Work request »
I would like you to restate each record word for word.

Input records »
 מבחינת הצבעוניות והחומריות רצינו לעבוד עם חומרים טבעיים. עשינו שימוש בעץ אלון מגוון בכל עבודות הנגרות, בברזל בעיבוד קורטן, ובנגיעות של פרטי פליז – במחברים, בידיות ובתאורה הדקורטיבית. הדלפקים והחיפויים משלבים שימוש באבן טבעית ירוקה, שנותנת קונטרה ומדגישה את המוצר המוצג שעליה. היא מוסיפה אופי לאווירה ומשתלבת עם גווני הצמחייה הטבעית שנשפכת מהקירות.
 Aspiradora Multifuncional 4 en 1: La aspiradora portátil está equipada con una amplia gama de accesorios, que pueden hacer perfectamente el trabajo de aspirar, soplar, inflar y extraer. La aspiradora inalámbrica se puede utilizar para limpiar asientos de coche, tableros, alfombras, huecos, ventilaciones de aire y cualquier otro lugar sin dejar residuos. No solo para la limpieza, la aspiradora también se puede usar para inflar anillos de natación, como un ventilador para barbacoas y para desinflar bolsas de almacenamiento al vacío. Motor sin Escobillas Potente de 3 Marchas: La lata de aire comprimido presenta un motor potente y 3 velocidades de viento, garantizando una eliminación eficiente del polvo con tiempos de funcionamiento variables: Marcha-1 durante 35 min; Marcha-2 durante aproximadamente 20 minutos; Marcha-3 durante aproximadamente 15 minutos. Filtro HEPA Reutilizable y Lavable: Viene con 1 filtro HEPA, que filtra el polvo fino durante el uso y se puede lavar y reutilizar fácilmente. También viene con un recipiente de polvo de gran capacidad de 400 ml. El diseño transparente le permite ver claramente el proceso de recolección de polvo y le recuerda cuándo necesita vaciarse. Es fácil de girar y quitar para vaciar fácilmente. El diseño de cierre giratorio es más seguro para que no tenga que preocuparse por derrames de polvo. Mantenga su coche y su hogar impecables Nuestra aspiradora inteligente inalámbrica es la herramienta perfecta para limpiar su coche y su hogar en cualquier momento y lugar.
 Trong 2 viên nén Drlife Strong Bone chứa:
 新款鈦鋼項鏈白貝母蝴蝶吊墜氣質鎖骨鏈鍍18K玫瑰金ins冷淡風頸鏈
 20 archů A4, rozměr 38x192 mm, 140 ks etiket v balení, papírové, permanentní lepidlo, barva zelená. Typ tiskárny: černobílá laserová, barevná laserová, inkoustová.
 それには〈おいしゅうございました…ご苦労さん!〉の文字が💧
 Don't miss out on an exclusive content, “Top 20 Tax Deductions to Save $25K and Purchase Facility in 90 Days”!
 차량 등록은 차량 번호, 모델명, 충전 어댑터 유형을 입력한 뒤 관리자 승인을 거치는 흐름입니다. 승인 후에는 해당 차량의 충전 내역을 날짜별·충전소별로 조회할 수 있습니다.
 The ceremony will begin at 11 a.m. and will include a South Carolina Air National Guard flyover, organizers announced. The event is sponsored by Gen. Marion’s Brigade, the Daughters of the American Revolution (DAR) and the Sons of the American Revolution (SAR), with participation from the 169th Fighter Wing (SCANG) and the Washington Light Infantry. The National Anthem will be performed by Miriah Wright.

Result for this exercise »
 מבחינת הצבעוניות והחומריות רצינו לעבוד עם חומרים טבעיים. עשינו שימוש בעץ אלון מגוון בכל עבודות הנגרות, בברזל בעיבוד קורטן, ובנגיעות של פרטי פליז – במחברים, בידיות ובתאורה הדקורטיבית. הדלפקים והחיפויים משלבים שימוש באבן טבעית ירוקה, שנותנת קונטרה ומדגישה את המוצר המוצג שעליה. היא מוסיפה אופי לאווירה ומשתלבת עם גווני הצמחייה הטבעית שנשפכת מהקירות.
 Aspiradora Multifuncional 4 en 1: La aspiradora portátil está equipada con una amplia gama de accesorios, que pueden hacer perfectamente el trabajo de aspirar, soplar, inflar y extraer. La aspiradora inalámbrica se puede utilizar para limpiar asientos de coche, tableros, alfombras, huecos, ventilaciones de aire y cualquier otro lugar sin dejar residuos. No solo para la limpieza, la aspiradora también se puede usar para inflar anillos de natación, como un ventilador para barbacoas y para desinflar bolsas de almacenamiento al vacío. Motor sin Escobillas Potente de 3 Marchas: La lata de aire comprimido presenta un motor potente y 3 velocidades de viento, garantizando una eliminación eficiente del polvo con tiempos de funcionamiento variables: Marcha-1 durante 35 min; Marcha-2 durante aproximadamente 20 minutos; Marcha-3 durante aproximadamente 15 minutos. Filtro HEPA Reutilizable y Lavable: Viene con 1 filtro HEPA, que filtra el polvo fino durante el uso y se puede lavar y reutilizar fácilmente. También viene con un recipiente de polvo de gran capacidad de 400 ml. El diseño transparente le permite ver claramente el proceso de recolección de polvo y le recuerda cuándo necesita vaciarse. Es fácil de girar y quitar para vaciar fácilmente. El diseño de cierre giratorio es más seguro para que no tenga que preocuparse por derrames de polvo. Mantenga su coche y su hogar impecables Nuestra aspiradora inteligente inalámbrica es la herramienta perfecta para limpiar su coche y su hogar en cualquier momento y lugar.
 Trong 2 viên nén Drlife Strong Bone chứa:
 新款鈦鋼項鏈白貝母蝴蝶吊墜氣質鎖骨鏈鍍18K玫瑰金ins冷淡風頸鏈
 20 archů A4, rozměr 38x192 mm, 140 ks etiket v balení, papírové, permanentní lepidlo, barva zelená. Typ tiskárny: černobílá laserová, barevná laserová, inkoustová.
 それには〈おいしゅうございました…ご苦労さん!〉の文字が💧
 Don't miss out on an exclusive content, “Top 20 Tax Deductions to Save $25K and Purchase Facility in 90 Days”!
 차량 등록은 차량 번호, 모델명, 충전 어댑터 유형을 입력한 뒤 관리자 승인을 거치는 흐름입니다. 승인 후에는 해당 차량의 충전 내역을 날짜별·충전소별로 조회할 수 있습니다.
 The ceremony will begin at 11 a.m. and will include a South Carolina Air National Guard flyover, organizers announced. The event is sponsored by Gen. Marion’s Brigade, the Daughters of the American Revolution (DAR) and the Sons of the American Revolution (SAR), with participation from the 169th Fighter Wing (SCANG) and the Washington Light Infantry. The National Anthem will be performed by Miriah Wright.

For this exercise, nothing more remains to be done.